KEY CONCERNS WITH NEW STIMULUS SPENDING
Permanent Tax Increases in Exchange for Temporary Stimulus: Once again, the Obama Administration and Senate Democrats are proposing to offset a temporary stimulus with a permanent tax increase that will cost private sector jobs for years to come. The proposal would impose a 0.5 percent permanent tax increase on Americans earning $1 million or more annually. According to the Department of Treasury, 41 percent of all business income reported on individual returns would be hit by the surtax. At a time when uncertainty is the most significant business issue facing job creators, threats of looming tax increases do nothing but exacerbate the unemployment crisis.
These Costly Policies Have Already Failed… Twice: Spending billions on temporary stimulus sweeteners is nothing new for the president. The president’s original $1.2 trillion stimulus (P.L. 111-5) included $53.6 billion in “State Fiscal Stabilization” to supplant state and local education spending and an additional $44.6 billion in miscellaneous Department of Education spending. In 2010, Democrats again approved $10 billion in so-called “teacher-jobs” spending (P.L. 111-226). Despite all this spending for local governments, combined with the “private sector job growth” touted by the president, the unemployment rate remains 9.1 percent and our nation is mired in the worst unemployment crisis since the Great Depression.
Temporary Spending?: According to the Department of Education, the $53.6 billion teacher funding in the original stimulus was a “one-time appropriation” meant as “a historic infusion of funds that is expected to be temporary.” On July 1, 2009, President Obama stated that the temporary funding had accomplished its goals.

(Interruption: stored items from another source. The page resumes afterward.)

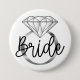 Este botão apresenta as palavras "Noiva" juntamente com um anel de noivado de diamante prateado e branco, o acessório perfeito para a festa de despedida de solteira da Noiva!
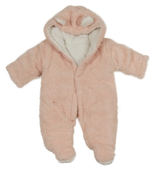 Světlerůžová chlupatá zateplená kombinéza s kapucí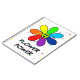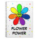 Uma flor do arco-íris com uma mensagem de "flower power" e um fundo dotty colorido.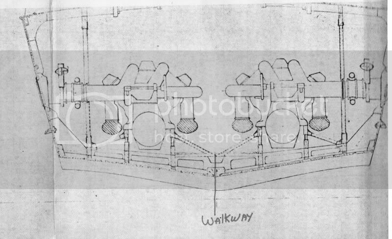 I also assume there was a central gangway running the length of the engine room, through the fuel tans to the workshop area, but this has some form of what looks like metal bracing between two sets of the tanks.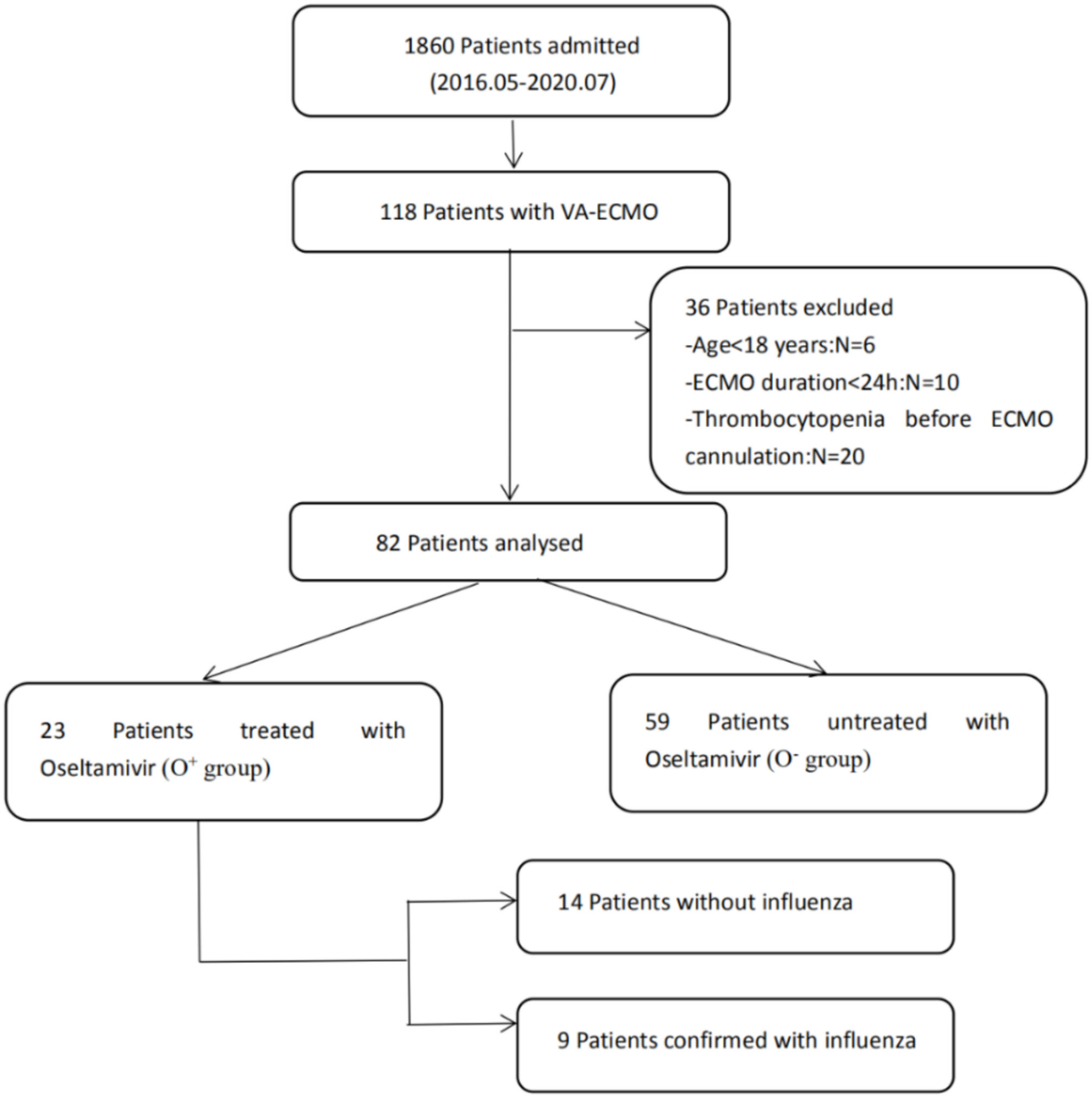 Conclusions: Oseltamivir could ameliorate VA-ECMO-related thrombocytopenia. These findings suggested the prophylactic potential of oseltamivir on severe thrombocytopenia associated with the initiation of VA-ECMO.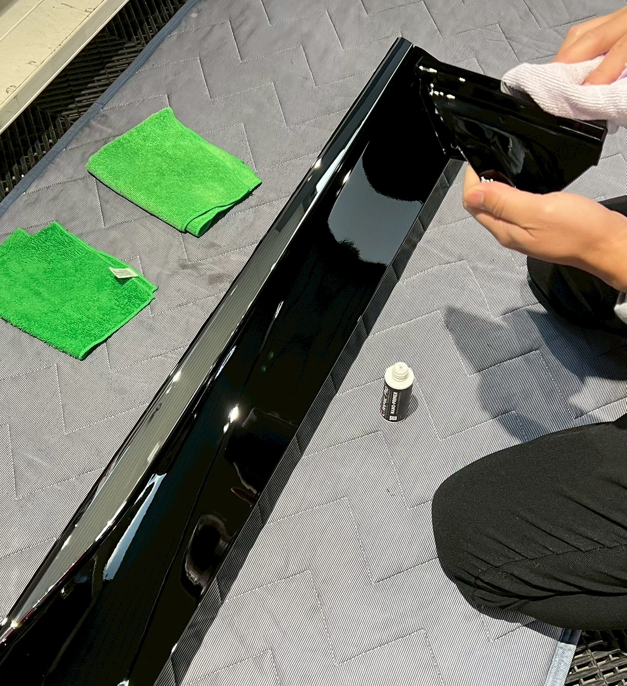 今回は、新品に交換されるスライドドアサイドパネルとエンドカバーを、パーツ持ち込みにて、セラミックプロイオン2層部分コーティングを施工させていただきました♪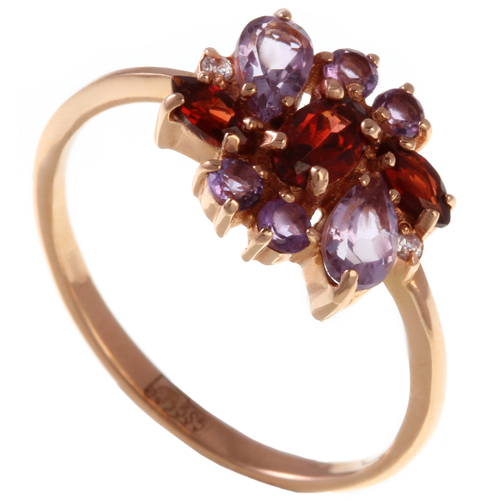 2 Аметиста Груша 5,00*3,00 0,381Ct, 4 Аметиста Кр 2,25 0,165Ct, 2 Фианита Кр 1,250Ct, 2 Граната Овал 4,00*2,00 0,223Ct, 1 Гранат Овал 5,00*3,00 0,234Ct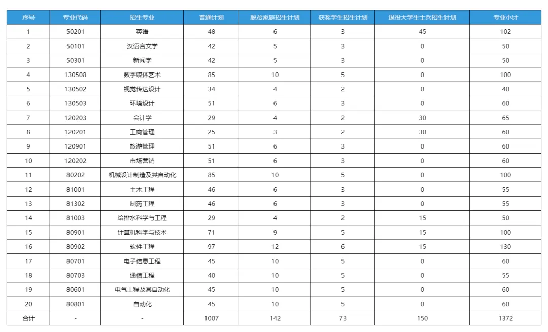 南昌大学科学技术学院招生计划2026年学院专升本总招生计划1472人,其中普通计划1007人、脱贫家庭招生计划142人、获奖学生招生计划73人、退役大学生士兵招生计划150人,另设联合培养计划100人(车辆工程专业),联合培养学生在合作院校就读。

He said, “The Recovery Act [stimulus plan] was designed to make sure that local school districts didn’t layoff teachers and firefighters and police officers, and it’s done its job.” Just one year later, on August 6, 2010, then-Speaker Pelosi came back for another round of stimulus. She stated, “Democrats will return next week to save or create hundreds of thousands of jobs for our teachers, nurses, firefighters and police officers,” even though the president said the temporary spending had achieved its goal. With Democrats out of ideas to spur job creation, it seems they’ve decided to make failed stimulus spending a permanent policy platform. Instead of another stimulus spending sugar high, what America needs is steady, private-sector growth that will create jobs for the country’s 14 million unemployed.
Making Matters Worse: Numerous reports have suggested that Democrat stimulus spending has actually deterred economic growth and job creation. In May 2011, a study was released by Ohio State University which found that the President’s failed stimulus “destroyed/forestalled roughly one million private sector jobs.” The full study concludes that the actual impact of the $1.2 trillion “stimulus” was a net job loss of 550,000. In addition, researchers at Harvard Business School released a study in May, 2010, which “suggests that federal spending in states appears to cause local businesses to cut back rather than grow.” In any event, this new proposal is assured to do almost nothing for the 14 million unemployed Americans looking for a job. According to the National Federation of Independent Businesses, a small business association with 350,000 members nationwide, “For those who are unemployed, the President’s jobs program will be very ineffective if enacted.” Rather than working with Republicans on solutions to facilitate job creation, the president wants more taxes and failed stimulus which would, at its very best, maintain the unacceptable status quo.
More Deceptive “Saved or Created” Claims: In early 2009 the White House famously predicted the $1.2 trillion stimulus bill would keep unemployment below 8 percent and “save or create at least 3 million jobs by the end of 2010.” In reality, From March 2009 (the month after the failed $1.2 trillion “stimulus” was enacted) through September 2011, unemployment averaged 9.4 percent. The problem is that the White House pre-determines the impact of government stimulus spending by plugging numbers into a Keynesian “multiplier model” which simply multiplies the amount of dollars spent by the number of jobs the administration thinks the money should produce. The “saved or created” metric was so deceptive and problematic the White House quietly abandoned it in late 2009. It seems, however, that the Obama Administration is back to its same old tricks. As FactCheck.org reported this week, the president has already begun exaggerating the estimates on how many jobs this new proposal could save.
REPUBLICANS OFFER PRO-GROWTH PROPOSALS SUPPORTED BY BOTH PARTIES
While the president continues to push for more of the same failed short-term “stimulus” policies, the House is taking action on pro-growth proposals supported by both parties. Unlike the president and Congressional Democrats, House Republicans will not replicate failed stimulus spending policies and expect different results. House Republicans have a Plan for America’s Job Creators that will reduce government red tape and provide lasting certainty for job creators so they can put Americans back to work. House Republicans have and will continue to send pro-growth legislation to the stagnant Senate. Republicans are listening to job creators, moving bills to create jobs, and reaching out to the president with ideas to grow the economy.